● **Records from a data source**
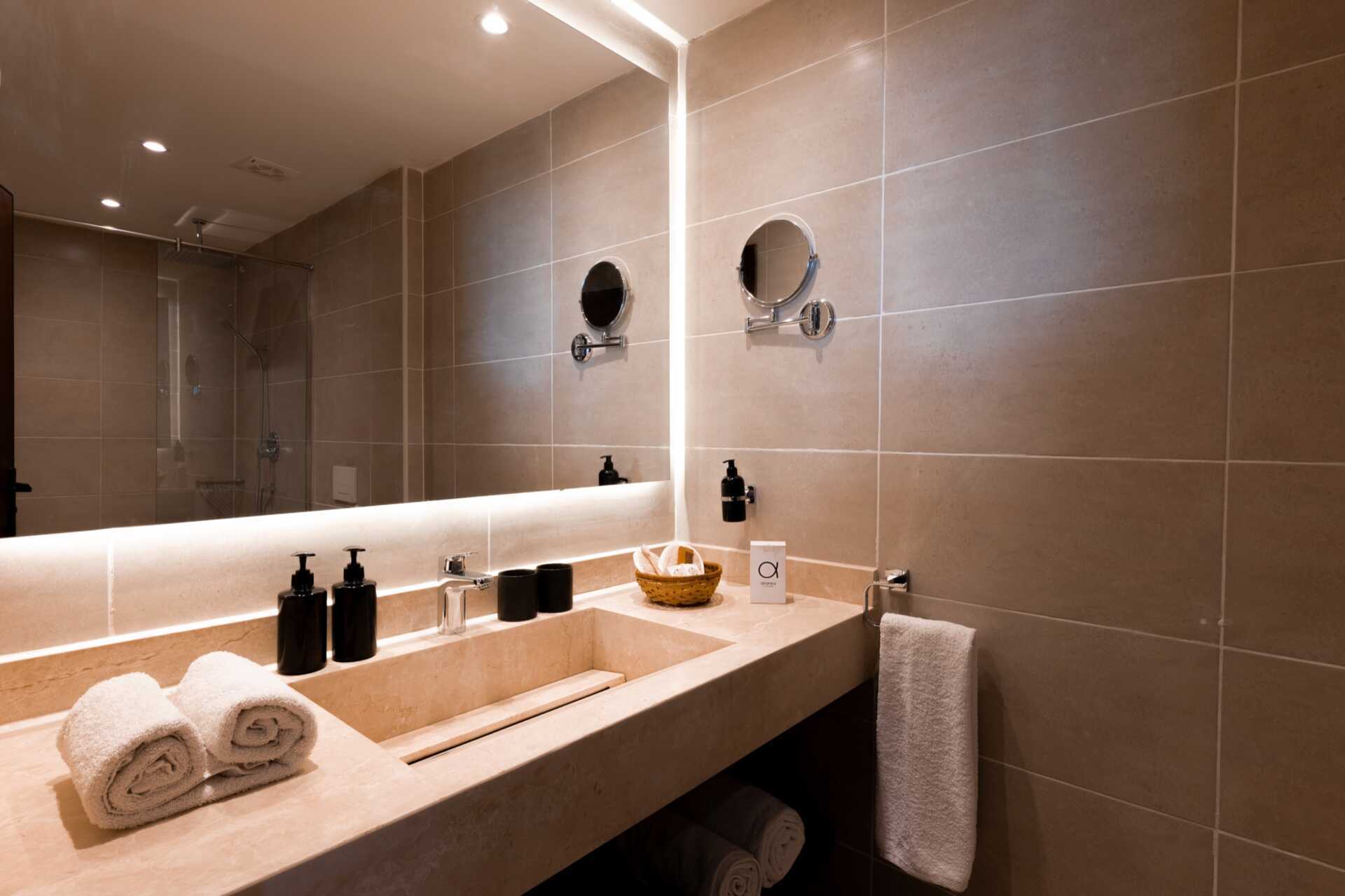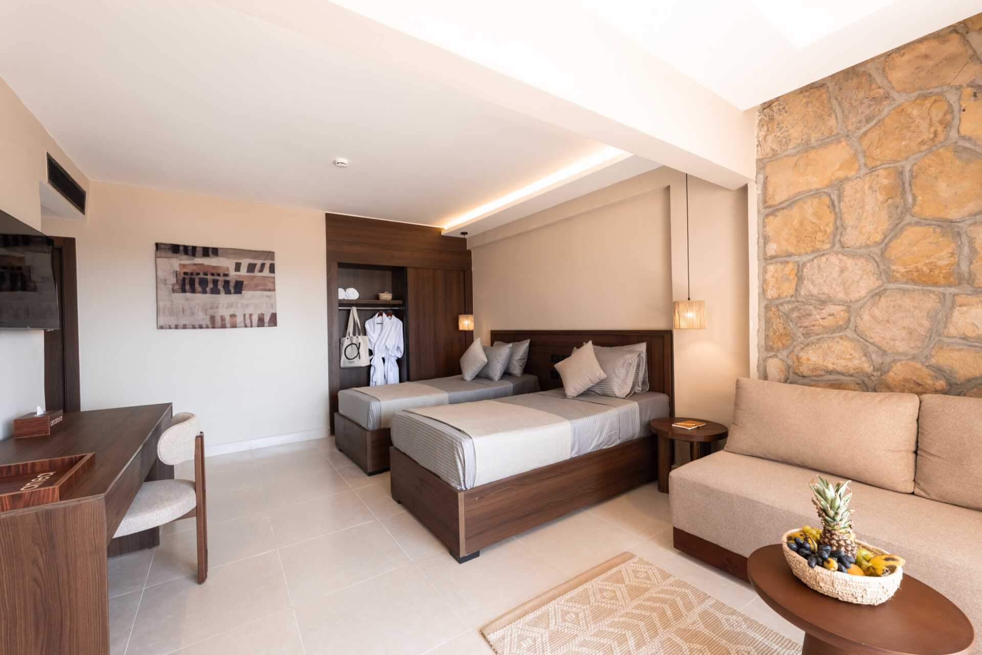 Juniorsuite med balkong eller terrasse og havutsikt. Rommene ligger i hotellets hovedbygning. En dobbeltseng eller to enkeltsenger. Wifi, luftkondisjonering og safe inkludert. Minibar. Vannkoker samt kaffe og te. TV. Noen av rommene har vegg-til-vegg-teppe. Hårføner. Bad med jacuzzi, dusj og wc. Rengjøring 7 ggr/uke.
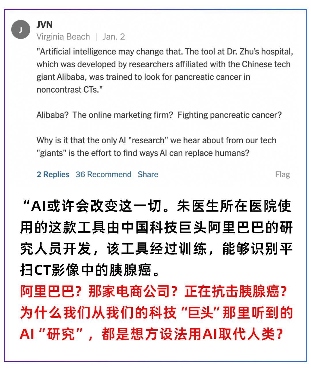 甚至有美国网友说:“阿里巴巴?那家电商公司?正在抗击胰腺癌?为什么我们从我们的科技巨头那里听到的AI研究,都是怎么用AI取代人类?”
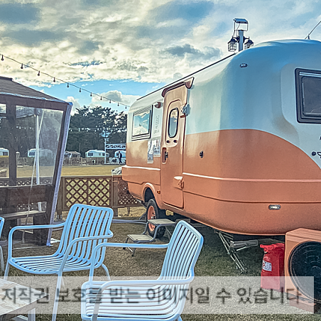 공간 구성: 오션뷰 카라반존 / 대형 카페 라운지 / BBQ존 / 수영장 / 잔디정원 / 포토존
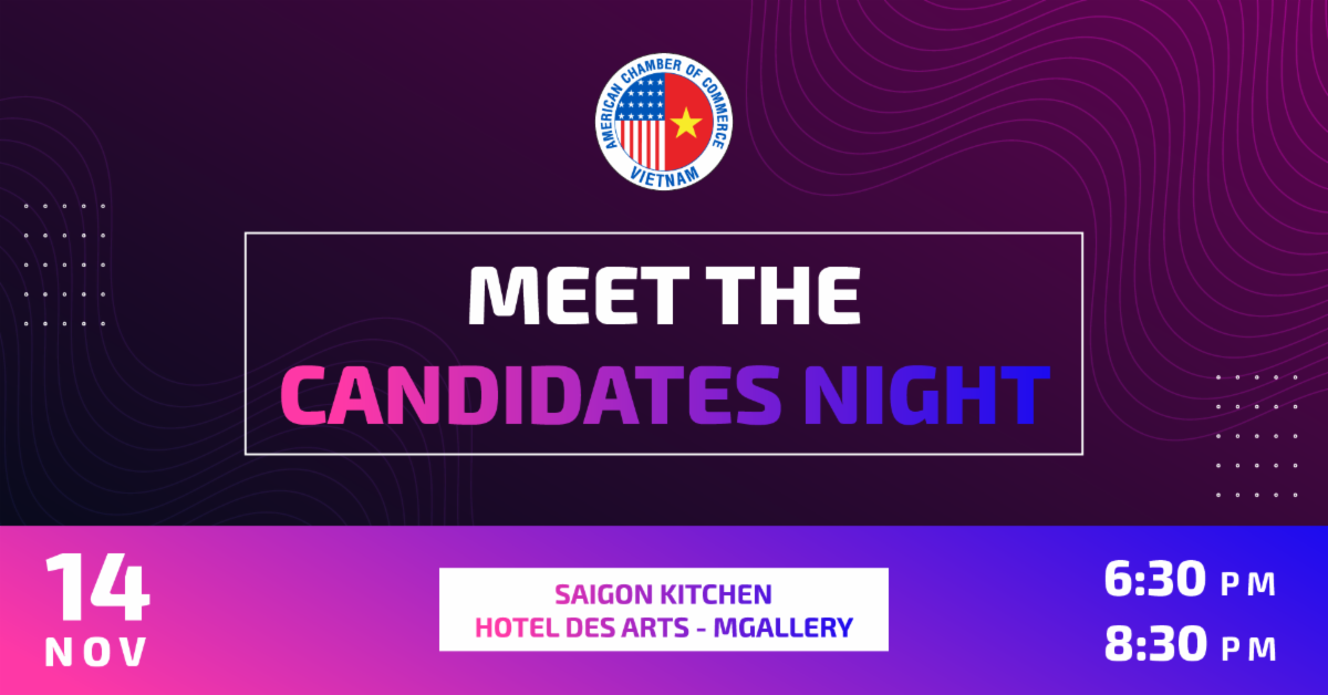 Join us for an exclusive Members-only event to meet the candidates for the 2024-2025 AmCham Vietnam HCMC Board of Governors! Meet our impressive slate of candidates, hear their visions, and network with AmCham member colleagues and friends. No entry-fee to join.
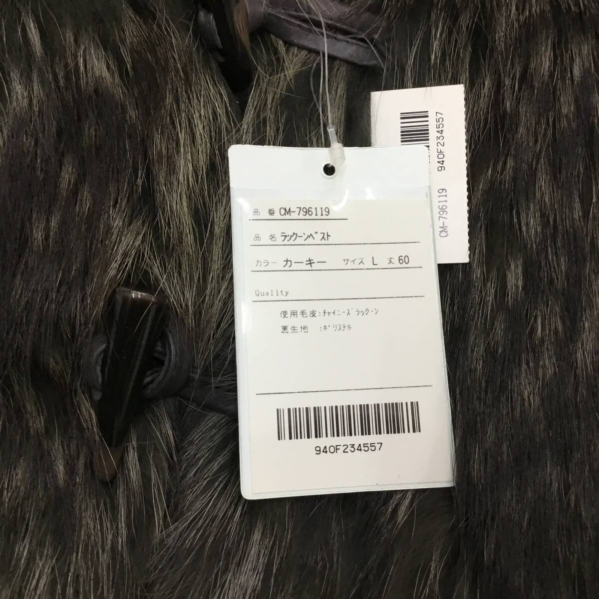 ・商品名■ タグ付 ラクーンベスト リアルファーベスト カーキ Lサイズ レディース チャイニーズラクーン ブランド不明 0.7kg
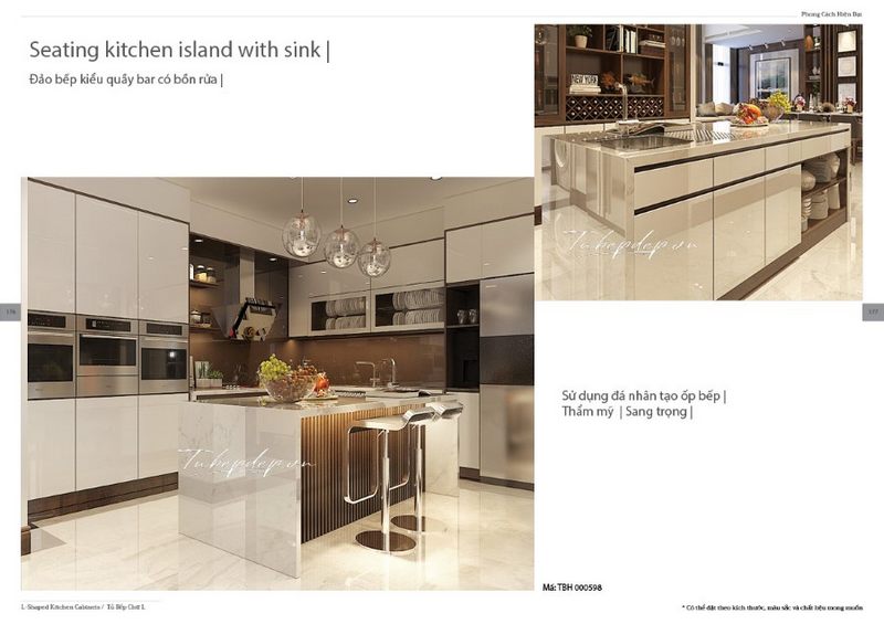 . Tủ bếp công nghiệp hiện đại với thiết kế chữ L, mặt bếp ốp đá trắng cao cấp sẽ mang lại sự sạch sẽ và tiện nghi cho khu vực nấu ăn.
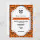 Skulls Damask Orange, schwarzes Muster & Banner Halloween Hochzeitseinladung. Dieses elegante Design zeichnet sich durch ein Damast-Blumenmuster und Schädelmuster, einen Rahmen in der Mitte, einen schwarzen Schädel und ein orangefarbenes Banner aus. Ein zeitgenössisches und dennoch elegantes Design mit zwei Schriftart: einem Vintagen und einem coolen. Elegantes, sprichwörtliches Design, perfekt für gotische oder Halloween Herbst/Herbst Hochzeiten. Es ist ein vollständig anpassbares Template und ist Teil eines Hochzeitsvortrags Set.
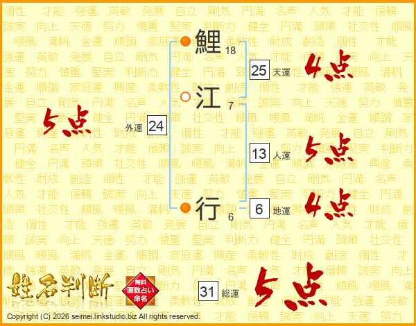 鯉江行さんの総運は31画の5点!
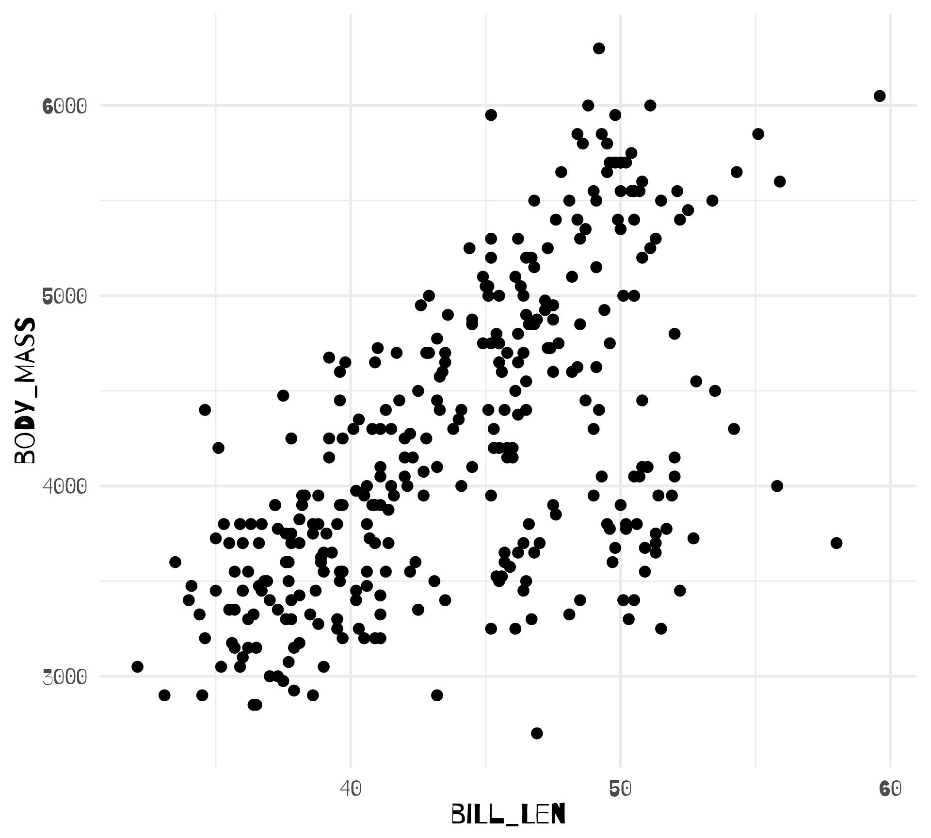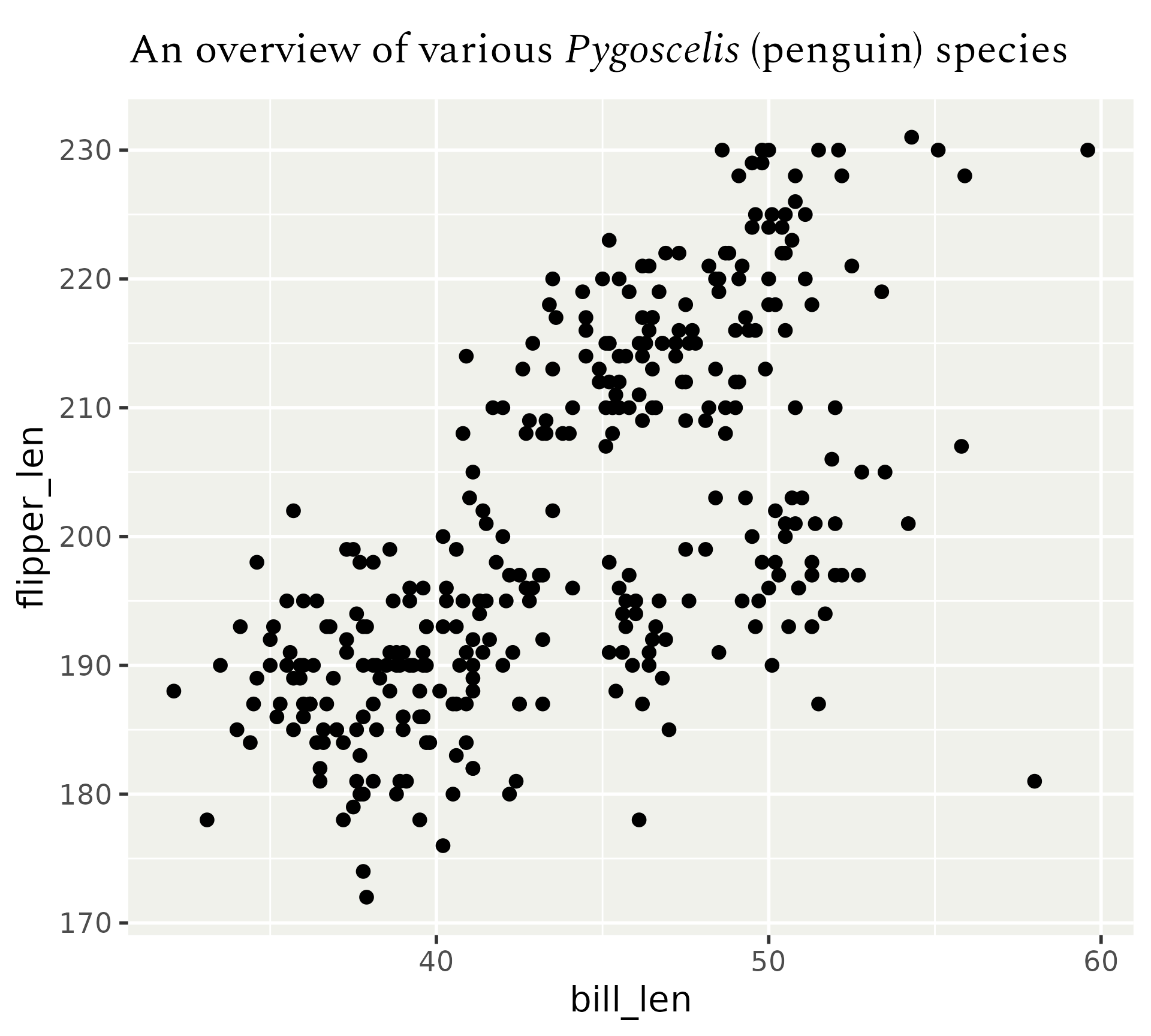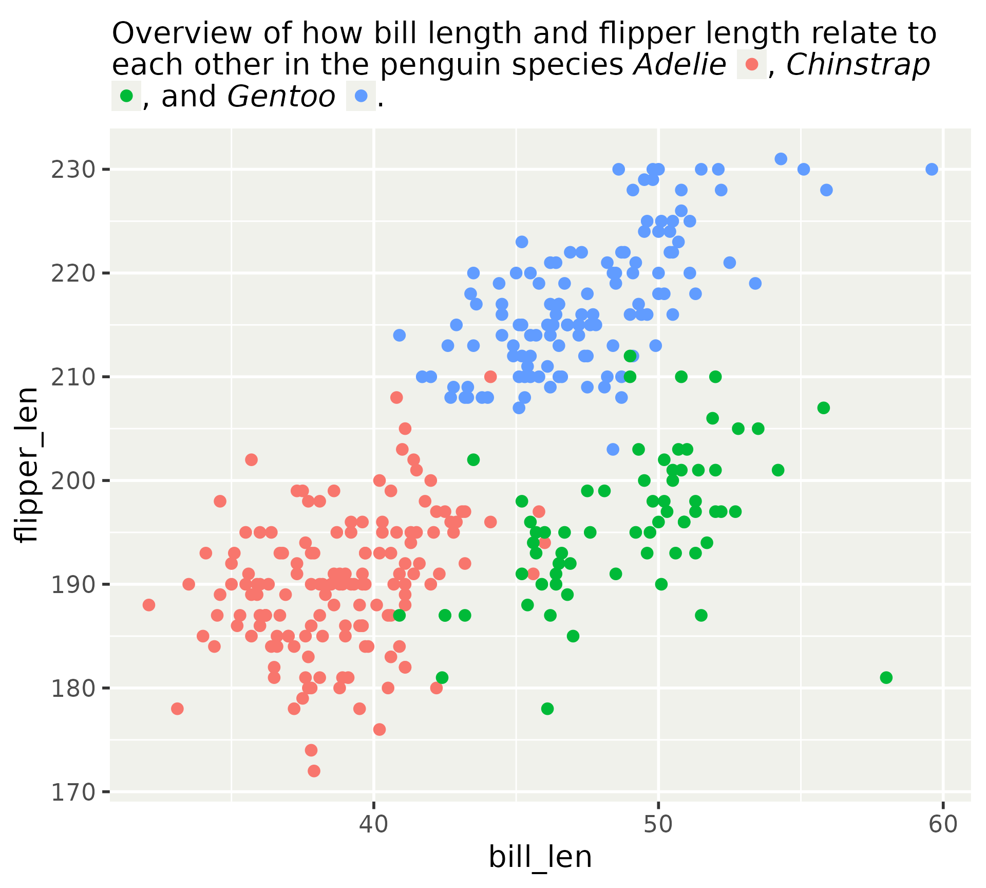 aes(x = bill_len, y = flipper_len)

● **Task details**
The lines to be transcribed are those from the first line of the data above through the line holding "vực nấu ăn.", inclusive; copy them exactly and only, leaving out the pictures.

● **Task output**
 Juniorsuite med balkong eller terrasse og havutsikt. Rommene ligger i hotellets hovedbygning. En dobbeltseng eller to enkeltsenger. Wifi, luftkondisjonering og safe inkludert. Minibar. Vannkoker samt kaffe og te. TV. Noen av rommene har vegg-til-vegg-teppe. Hårføner. Bad med jacuzzi, dusj og wc. Rengjøring 7 ggr/uke.
 甚至有美国网友说:“阿里巴巴?那家电商公司?正在抗击胰腺癌?为什么我们从我们的科技巨头那里听到的AI研究,都是怎么用AI取代人类?”
 공간 구성: 오션뷰 카라반존 / 대형 카페 라운지 / BBQ존 / 수영장 / 잔디정원 / 포토존
 Join us for an exclusive Members-only event to meet the candidates for the 2024-2025 AmCham Vietnam HCMC Board of Governors! Meet our impressive slate of candidates, hear their visions, and network with AmCham member colleagues and friends. No entry-fee to join.
 ・商品名■ タグ付 ラクーンベスト リアルファーベスト カーキ Lサイズ レディース チャイニーズラクーン ブランド不明 0.7kg
 . Tủ bếp công nghiệp hiện đại với thiết kế chữ L, mặt bếp ốp đá trắng cao cấp sẽ mang lại sự sạch sẽ và tiện nghi cho khu vực nấu ăn.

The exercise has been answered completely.